I have an application that produces lines in a log file with a unique UUID in its file name. When the log file grows to a certain size it gets rolled. The files are not updated after they are rolled. Eg:
UUID_MY_FILE.log.2 => This is the oldest file
UUID_MY_FILE.log.1 => This is the second oldest file
UUID_MY_FILE.log => This is the newest file with new log lines being written to it.
What I want to do is: as the logs get rolled and new data added, get the combined content of all the log files into a single document (I will generate an identifiable document ID for each document using the log file's UUID).
What would be the best / optimum way to achieve this? I reckoned I'd better ask for advise here first as probably this scenario might have already been covered previously.
But my own approach which I'm in the middle of testing for feasibility is:
Use the multline codec in the file input plugin that would just read the whole file:
Sorry, I should have mentioned, the files are not big, each file might have a few hundred lines totaling a few hundred KB in size. I would definitely not do this if the files were huge .

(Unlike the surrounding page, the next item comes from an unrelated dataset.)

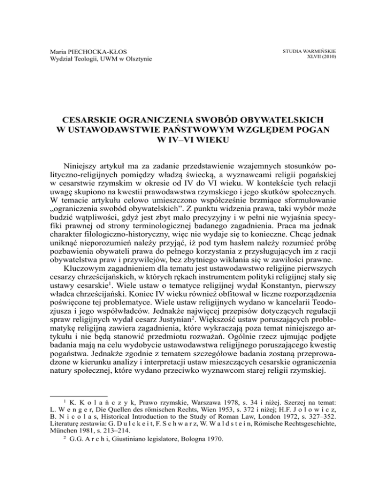 Maria PIECHOCKA-KŁOS Wydział Teologii, UWM w Olsztynie STUDIA WARMIŃSKIE XLVII (2010) cESARSKIE OgRANIczENIA SWObóD ObyWATElSKIcH W USTAWODAWSTWIE PAŃSTWOWyM WzglęDEM POgAN w iV–VI WIEKU Niniejszy artykuł ma za zadanie przedstawienie wzajemnych stosunków polityczno-religijnych pomiędzy władzą świecką, a wyznawcami religii pogańskiej w cesarstwie rzymskim w okresie od IV do VI wieku. W kontekście tych relacji uwagę skupiono na kwestii prawodawstwa rzymskiego i jego skutków społecznych. W temacie artykułu celowo umieszczono współcześnie brzmiące sformułowanie „ograniczenia swobód obywatelskich”. Z punktu widzenia prawa, taki wybór może budzić wątpliwości, gdyż jest zbyt mało precyzyjny i w pełni nie wyjaśnia specyfiki prawnej od strony terminologicznej badanego zagadnienia. Praca ma jednak charakter filologiczno-historyczny, więc nie wydaje się to konieczne. Chcąc jednak uniknąć nieporozumień należy przyjąć, iż pod tym hasłem należy rozumieć próbę pozbawienia obywateli prawa do pełnego korzystania z przysługujących im z racji obywatelstwa praw i przywilejów, bez zbytniego wikłania się w zawiłości prawne. Kluczowym zagadnieniem dla tematu jest ustawodawstwo religijne pierwszych cesarzy chrześcijańskich, w których rękach instrumentem polityki religijnej stały się ustawy cesarskie1. Wiele ustaw o tematyce religijnej wydał Konstantyn, pierwszy władca chrześcijański. Koniec IV wieku również obfitował w liczne rozporządzenia poświęcone tej problematyce. Wiele ustaw religijnych wydano w kancelarii Teodozjusza i jego współwładców. Jednakże najwięcej przepisów dotyczących regulacji spraw religijnych wydał cesarz Justynian2. Większość ustaw poruszających problematykę religijną zawiera zagadnienia, które wykraczają poza temat niniejszego artykułu i nie będą stanowić przedmiotu rozważań. Ogólnie rzecz ujmując podjęte badania mają na celu wydobycie ustawodawstwa religijnego poruszającego kwestię pogaństwa. Jednakże zgodnie z tematem szczegółowe badania zostaną przeprowadzone w kierunku analizy i interpretacji ustaw mieszczących cesarskie ograniczenia natury społecznej, które wydano przeciwko wyznawcom starej religii rzymskiej. 1 K. K o l a ń c z y k, Prawo rzymskie, Warszawa 1978, s. 34 i niżej. Szerzej na temat: L. W e n g e r, Die Quellen des römischen Rechts, Wien 1953, s. 372 i niżej; H.F. J o l o w i c z, B. N i c o l a s, Historical Introduction to the Study of Roman Law, London 1972, s. 327–352. Literaturę zestawia: G. D u l c k e i t, F. S c h w a r z, W. W a l d s t e i n, Römische Rechtsgeschichte, München 1981, s. 213–214. 2 G.G. A r c h i, Giustiniano legislatore, Bologna 1970. 80 MARIA PIECHOCKA-KŁOS W pierwszej kolejności analizie zostaną poddane rozporządzenia umieszczone w ogłoszonym w 438 roku Kodeksie Teodozjańskim3. W dalszej części z zachowaniem ram chronologicznych przeanalizowane zostaną akty prawne zawarte w zbiorze Nowel Poteodozjańskich, które datuję się na V wiek. Z tego samego okresu pochodzą również ustawy ze zbioru Constitutiones Sirmondianae4. Dużą grupę źródeł materiału badawczego stanowić będą rozporządzenia pochodzące z Kodeksu Justyniańskiego5. Jako ostanie poddane analizie zostaną ustawy ogłoszone jako Nowele przez Justyniana6. Prawodawstwo wymierzone w starą religię rzymską ma związek z chrystianizacją świata śródziemnomorskiego. Proces ten był jednak powolny, a nowa religia potrzebowała aż czterech wieków, aby jej wyznawcy zaczęli stanowić większość mieszkańców Imperium. Powolność w szerzeniu się chrześcijaństwa na terenie cesarstwa nie dziwi, bowiem przyjęcie chrześcijaństwa łączyło się z zerwaniem starego sposobu myślenia, działania i odczuwania. Mogło to nastąpić dopiero w wyniku przełomu spowodowanego gotowością ludzi do zmian. Chrześcijanie wówczas bytowali na marginesie własnych społeczności i często budzili niepokój7, zaś zdecydowana większość mieszkańców cesarstwa nadal praktykowała tradycyjny kult. Sytuacja ta zmieniła się w III wieku. W wyniku walki o władzę wewnątrz cesarstwa i ataków zewnętrznych na granice Imperium został obalony mit o rzymskiej niezwyciężoności. Pogłębiający się kryzys w państwie sprzyjał poszukiwaniom nowych bogów, którzy mogliby zapewnić spokój ducha i dobrobyt, jakim niegdyś cieszyli się ich przodkowie. Bez wątpienia jednak chrystianizacja Imperium była długim procesem, gdyż starożytnym z trudnością przychodziło rozstanie się ze starymi bogami i tradycjami pogańskimi. Przyjęcie nowej religii, której siłą i głównym fundamentem był bezkompromisowy monoteizm wymagało kilku wieków na głębokie przekształcenie starego sposobu myślenia i życia. Aż do połowy III wieku nie istniało coś, co można byłoby nazwać polityką cesarzy wobec Kościoła, jednak przyznanie się do wyznania chrześcijaństwa mogło być uznane za podstawę do wydania nawet wyroku śmierci. Najwierniejszych wyznawców pogaństwo posiadało wśród elity rządzącej państwem, czyli wśród senatorów i ekwitów. Bardzo trudno chrystianizacji ulegali także chłopi, którzy byli bardzo silnie przywiązani do tradycyjnego porządku moralnego i religijnego. Chrystianizacja Imperium kosztem starej rzymskiej religii zaczęła zdecydowanie szybciej postępować po nawróceniu na nową religię Konstantyna8. Ten krok cesarza przyniósł zmianę polityki państwa względem pogaństwa. Chrześcijaństwo powoli zaczęło zyskiwać ochronę prawną. Theodosiani Libri XVI cum Constitutionibus Sirmondianis, ed. Th. Mommsen, Berlin 1905. Constitutiones Sirmondianae w: Theodosiani Libri XVI, jw. 5 Codex Iustinianus, w: Corpus Iuris Civilis, ed. P. Krüger, t. 2, Berlin 1954. 6 Novellae, w: Corpus Iuris Civilis, ed. R. Schöll, G. Kroll, t. 3, Berlin 1905. 7 Wszelkiego rodzaju zarzuty i gwałtowne ataki kierowane przeciwko chr

The reason why I would like to do this is mainly because of how the app behaves and how users would like to see the data.
In summary, app generates / executes some "events", for each event the small amount of logs will be stored in a group of files as described above (identified by some UUID in the log files' names). So for clarity and ease of use purposes, we just want to put the logs of each event (which just happens to be residing in multiple files) into a single document.

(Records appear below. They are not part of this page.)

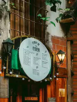 A mummified llama hangs at the entrance, creating a unique atmosphere.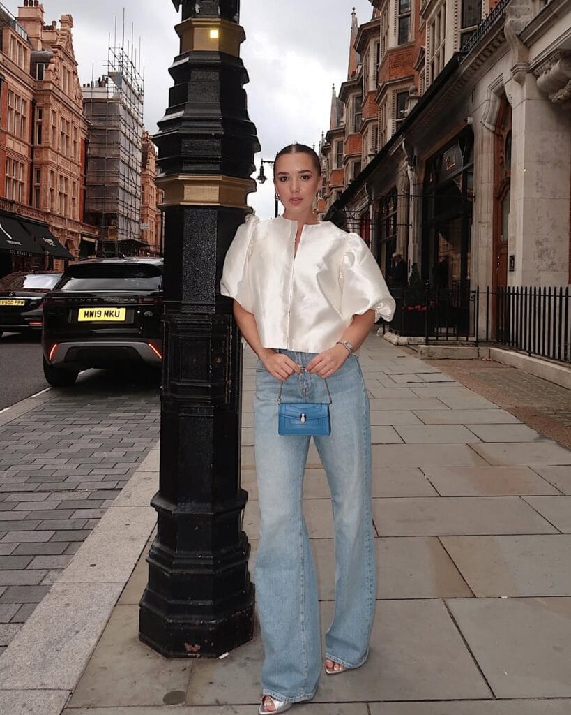 25. Satin Puff-Sleeve Top and Light Wash Jeans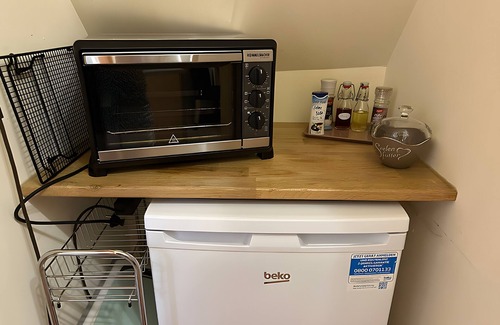 Welcome to your small yet charming, dog-friendly and well-equipped studio holiday apartment in the attic. You have a kitchenette with modern appliances for daily needs, including a dishwasher, coffee machine, kettle, and fridge with freezer compartment. A dining table, satellite TV and a high-quality box-spring bed provide comfort. The spacious daylight bathroom is equipped with a washbasin, hairdryer, shower, toilet and an infrared sauna, which invites you to relax after a hike. For your dogs, a dog bed, bowls and towels are provided.

I originally proposed to just tail the log files normally and send the logs line by line, i.e. have one document per log line but was rejected because there would be an un-ideal number of documents showing on Kibana for each of our app's event.

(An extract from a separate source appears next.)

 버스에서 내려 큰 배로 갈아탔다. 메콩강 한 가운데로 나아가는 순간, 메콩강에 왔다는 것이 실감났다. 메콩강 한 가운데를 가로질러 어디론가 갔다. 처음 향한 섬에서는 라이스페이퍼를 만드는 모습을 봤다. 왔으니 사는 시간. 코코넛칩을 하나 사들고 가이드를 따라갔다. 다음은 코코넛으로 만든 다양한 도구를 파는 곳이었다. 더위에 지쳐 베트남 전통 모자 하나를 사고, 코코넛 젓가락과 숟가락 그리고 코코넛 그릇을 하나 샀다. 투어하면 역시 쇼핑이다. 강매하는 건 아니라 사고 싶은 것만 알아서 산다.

The preference is to have one document per app event - which would make it clearer when looking on Kibana. So you click expand a document and you see all the logs related to that particular event generated by the app.
However though, before we get too excited, I can see the order of the events sometimes does not follow the right chronological order which I think is because Elasticsearch persists things asynchronously so when Logstash does the Elasticsearch query some newer log events get returned before the old log events then in the updated "message" field log lines will appear in the wrong chronological order.